Pop Mart International Group Limited (HKG: 9992), the Beijing-based designer and manufacturer of collectible toys including the viral Labubu character, experienced a significant stock crash on March 25, 2026, with shares dropping as much as

22.51%
following the release of the company’s 2025 annual report [1]. This represents one of the most substantial single-day declines in the company’s recent trading history.

The stock closed at

$168.30
, down from the previous close of $217.20, representing a decline of $48.90 per share. The stock hit a day low of $165.60 while opening at $223.40, indicating strong bearish momentum throughout the trading session [0].

Market Impact and Trading Activity

The immediate market impact was severe, with the stock experiencing a

22.51% decline
in a single trading day. More concerning was the trading volume surge to
135.84 million shares
, which is significantly above the average trading volume of 12.88 million shares—representing over a 10x increase in daily activity [0]. This volume spike suggests heavy institutional selling pressure and panic among retail investors.

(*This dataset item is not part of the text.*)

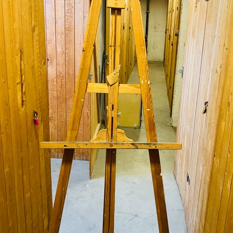 Staffli i trä. Fristående modell som kan användas för målning eller uppställning av dukar och skivor. Passar för användning i hem, ateljé. Justerbar konstruktion som ger stöd åt målarduk eller annan bildyta.

Price Performance Context:

Period Performance
1 Day -22.51%
5 Days -21.36%
1 Month -27.71%
3 Months -15.81%
YTD -12.84%
1 Year +32.62%

The stock has declined significantly over the past month (-27.71%) and three months (-15.81%), suggesting ongoing bearish sentiment that predates the current crash [0]. The one-year performance remains positive at +32.62%, indicating that the stock had appreciated substantially before the recent decline.

Financial Metrics Analysis

Current Valuation (as of March 25, 2026):

Metric Value
Market Cap $223.53B
Current Price $168.30
P/E Ratio 29.20x
P/B Ratio 13.95x
EPS (TTM) $5.78
ROE 54.52%
Net Profit Margin 30.32%
Operating Margin 40.58%

The company maintains strong profitability metrics with an ROE of 54.52%, net profit margin of 30.32%, and operating margin of 40.58% [0]. These are exceptionally healthy figures that suggest the company’s core business operations remain robust.

Most Recent Quarterly Performance (Q4 FY2025):

  • EPS:
    $7.70 actual vs $7.66 estimate (+0.52% surprise)
  • Revenue:
    $28.22B actual vs $15.67B estimate (+80.07% surprise)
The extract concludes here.